Аркадий обиженно замолчал, неудовлетворённо отковыривая лак со столика.

– Всё эти ироды, будь они неладны. Думают, могут сломить нас.

– Могут, Аркадий Петрович, – неожиданно вмешался Алексей, – могут и сломят.

К Аркадию Петровичу вернулся весь его поблёкший снобизм. Он свирепо глянул на Нестерова и, не утруждая себя сдерживаться, ответил:

– Никогда им не сломить нас, они от бога отвернулись. С нами он, с нами сила.

– Тогда как же он позволил вам, правоверным дворянам, проиграть им?

– Ещё ничего не проиграно! Мы не сдаёмся.

– А кто вынужден уезжать за границу?

Елена с обидой глянула на Нестерова. «Он ведь обещал», – мелькнула у неё неприятная мысль.

– Молодой человек, да вы насмехаетесь над нами? – спросил Фридрих, а Аркадий неожиданно тепло посмотрел на зятя, которого никогда не любил за не конфликтность и способность принять мнение собеседника. Последнюю черту Аркадий считал недостойной. Он не соглашался со спорщиком, даже если был полностью загнан в тупик, и упрямо продолжал искать аргументы в пользу своего, застреленного уже, мнения.

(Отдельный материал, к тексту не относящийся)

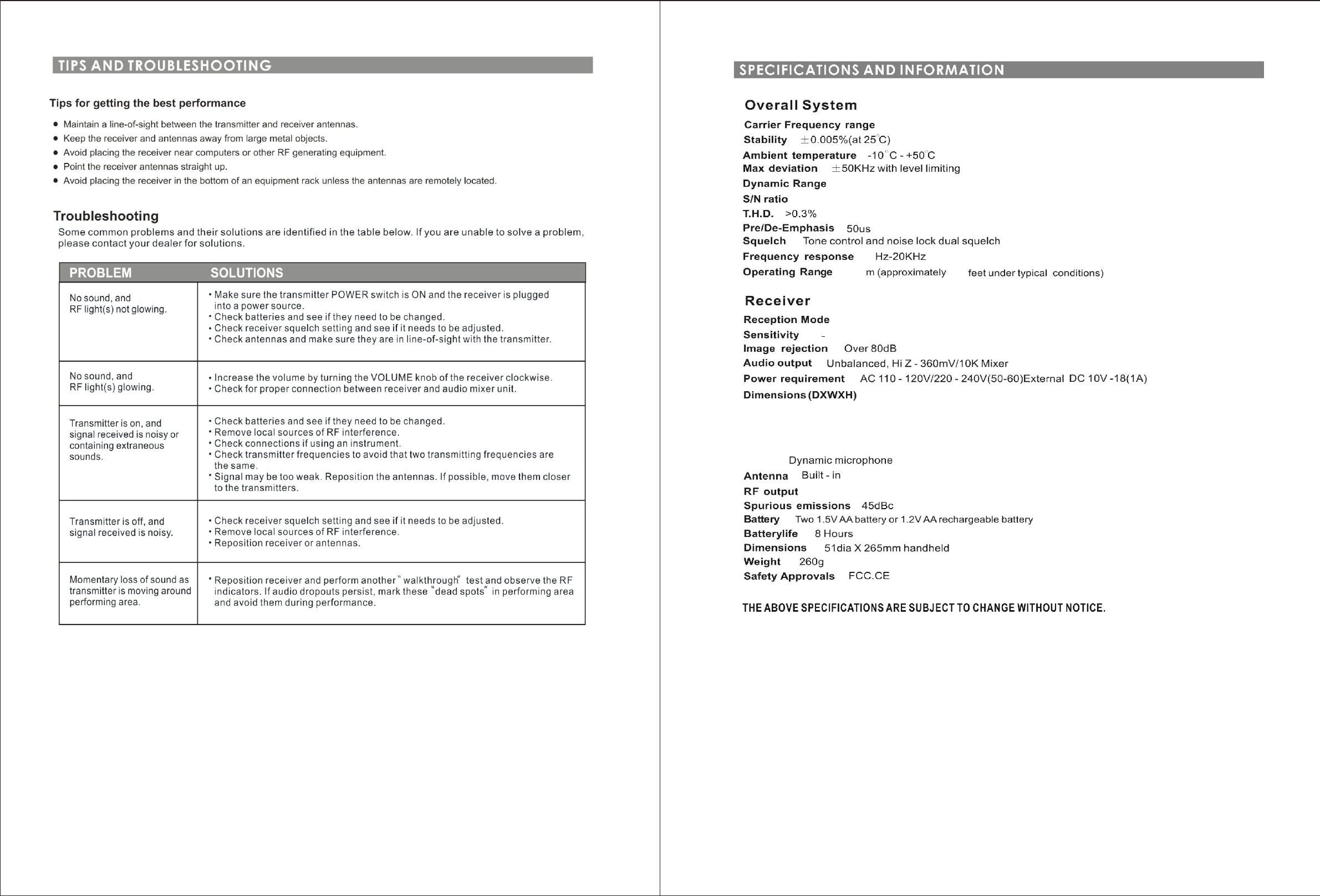 Thank you for purchasing the Wireless Microphone System and congratulations on your choice.

– Прошу вас, не поймите меня неправильно, – начал Алексей без обычной скромной улыбки, означающей, что он готов высмеять мнение оппонента. Этот подход Елена обожала и втайне гордилась тем, с каким обаянием он пускает в ход своё оружие, – я хотел сказать, что эта война для вас проиграна, лучше уехать, иначе… Мало что может случиться, – (при этих словах Фридрих вздохнул, сдвинув брови шалашом).

– То есть попросту бежать, предать родину? – обмякнув, спросил Аркадий Петрович.

– Да. Они на всё способны, сейчас всё позволено. Лучше спасти свою жизнь для чего-то лучшего, чем бессмысленно погибать за растоптанную идею.

– Но ведь вы сами с ними… – тихо сказала Елизавета.

Аркадий, казалось, готов был выхватить шпагу.

– Я был с ними, думал, что правда на их стороне, а теперь, в свете того, что началось, вижу, что никакой правды вообще нет.

Елена с жалостью посмотрела на Алексея, а он не переносил этого. Она знала, но не могла сдержаться. Так вот что мучило его эти дни. Он разочаровался, снова разочаровался! Человек, ищущий идеал, обречён на меланхолию и недовольство действительностью.

– Никакой правды нет… – протянула Елена. – Лучше и не скажешь. На обоих полюсах одинаково холодно.

Все притихли. Видимо, незатейливая мысль Алексея разбередила еле затянувшиеся раны на каждом сердце.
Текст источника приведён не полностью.